• _EXERCISE REQUIREMENTS_
Your task is to transcribe the data exactly while omitting each picture.

• _DATA SEGMENT_
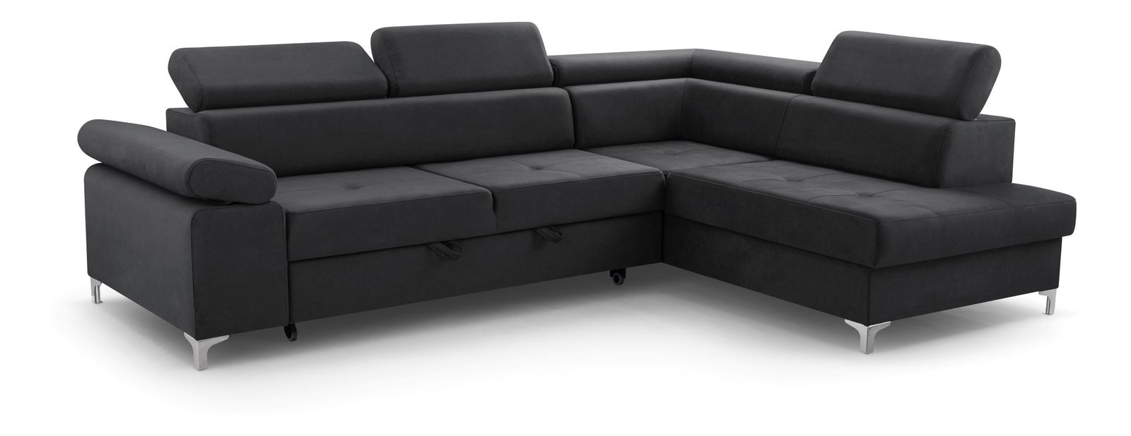 Rohová sedacia súprava - Madeira (grafit) (P) je moderného štýlu sedacia súprava s masívnym dreveným rámom a drevotrieskovou konštrukciou. Ponúka pohodlné sedenie vďaka bonellovej pružine a pene T 30. Opierky sú vyrobené z kombinácie peny, silikónu a sú doplnené poťahovými lištami pre maximálny komfort. Táto multifunkčná sedačka má rozkladací mechanizmus typu "delfín" a je vybavená úložným priestorom. Plocha na spanie má rozmery 127x203 cm, poskytujúc dostatočný priestor pre pohodlný odpočinok. Zadná strana sedačky je potiahnutá rovnakou látkou ako predná, čo umožňuje jej umiestnenie do stredu miestnosti. Sedacia súprava je dostupná v tvare "L" a má regulovateľné opierky vrátane opierok hlavy a lakťov, čo zvyšuje komfort pri sedení. Výška sedačky s zdvihnutou lakťovou opierkou je 76 cm a s opierkou hlavy 95 cm.
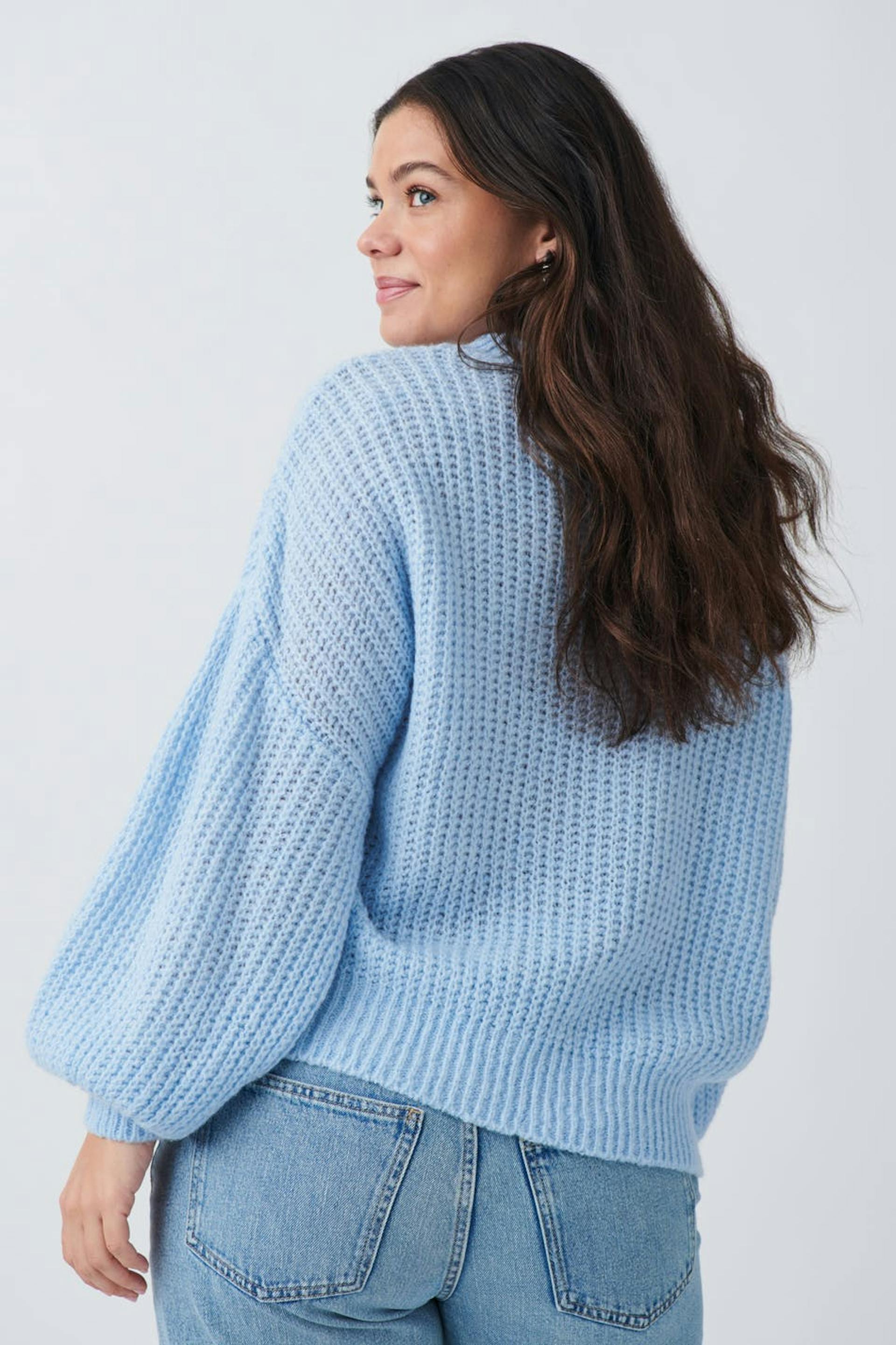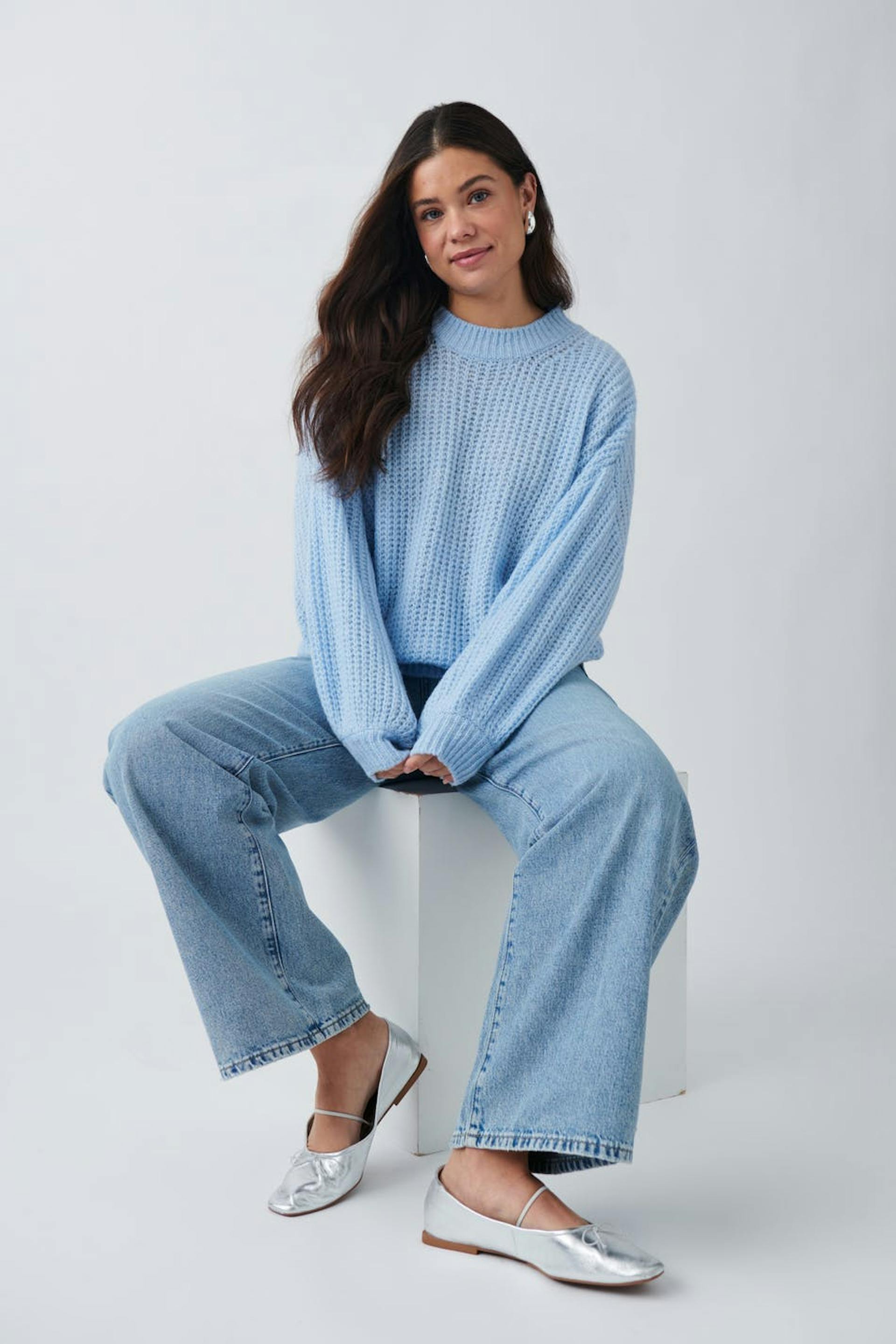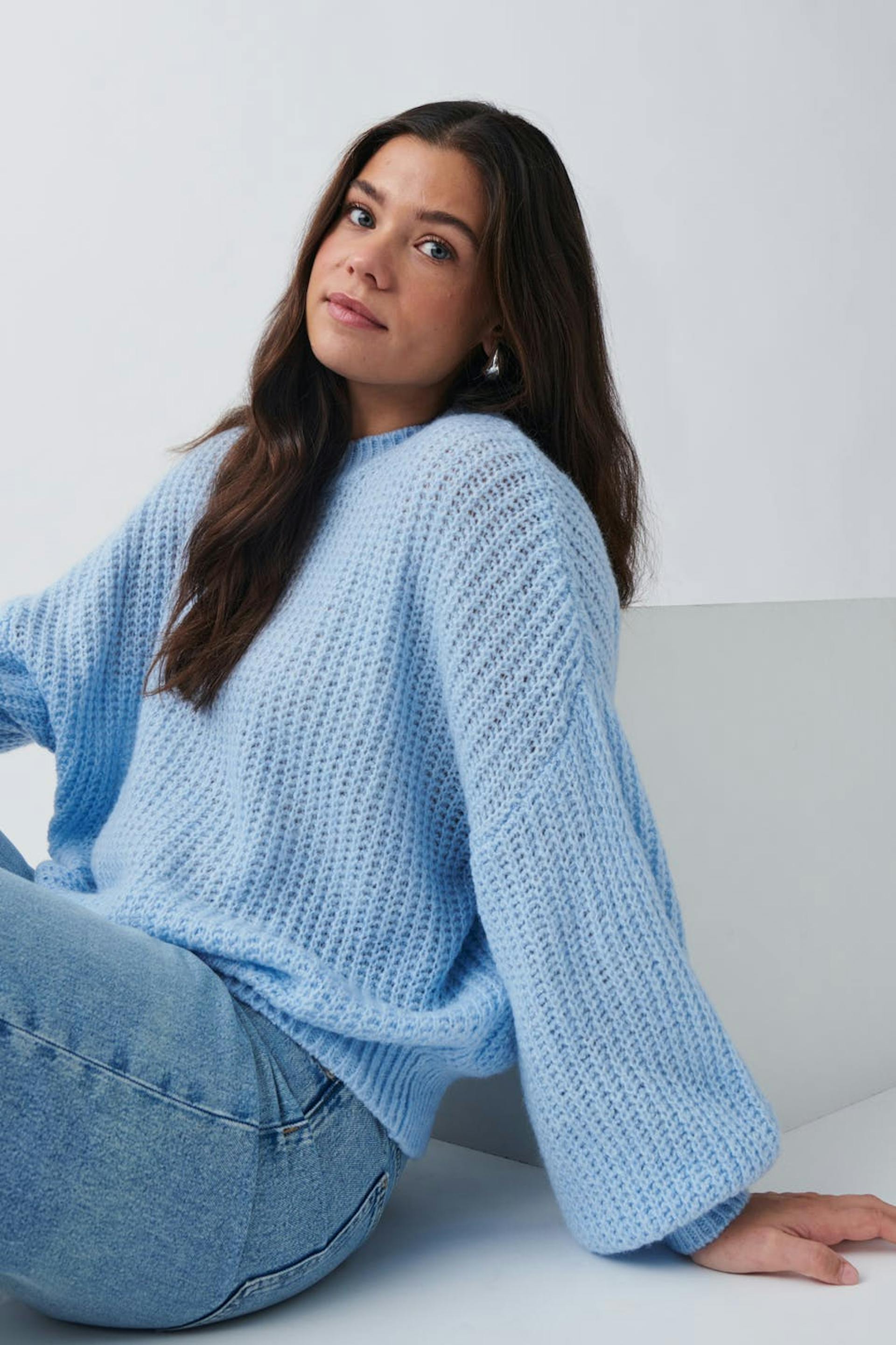 Paksuneulottu paita pudotetulla olkapäälla. Paita on sininen ja siinä on pyöreä pääntie.
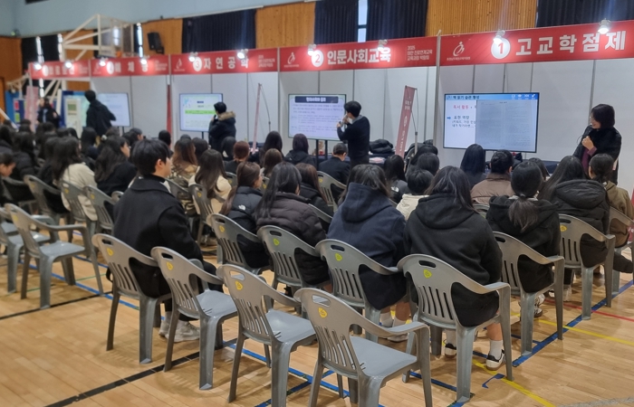 현장에서는 ▲고교학점제 ▲인문사회교육 ▲자연공학 ▲예체능 ▲의료보건 ▲고등학교 교육과정 안내 등 10개의 부스가 운영됐다.

• _TASK SOLUTION_
 Rohová sedacia súprava - Madeira (grafit) (P) je moderného štýlu sedacia súprava s masívnym dreveným rámom a drevotrieskovou konštrukciou. Ponúka pohodlné sedenie vďaka bonellovej pružine a pene T 30. Opierky sú vyrobené z kombinácie peny, silikónu a sú doplnené poťahovými lištami pre maximálny komfort. Táto multifunkčná sedačka má rozkladací mechanizmus typu "delfín" a je vybavená úložným priestorom. Plocha na spanie má rozmery 127x203 cm, poskytujúc dostatočný priestor pre pohodlný odpočinok. Zadná strana sedačky je potiahnutá rovnakou látkou ako predná, čo umožňuje jej umiestnenie do stredu miestnosti. Sedacia súprava je dostupná v tvare "L" a má regulovateľné opierky vrátane opierok hlavy a lakťov, čo zvyšuje komfort pri sedení. Výška sedačky s zdvihnutou lakťovou opierkou je 76 cm a s opierkou hlavy 95 cm.
 Paksuneulottu paita pudotetulla olkapäälla. Paita on sininen ja siinä on pyöreä pääntie.
 현장에서는 ▲고교학점제 ▲인문사회교육 ▲자연공학 ▲예체능 ▲의료보건 ▲고등학교 교육과정 안내 등 10개의 부스가 운영됐다.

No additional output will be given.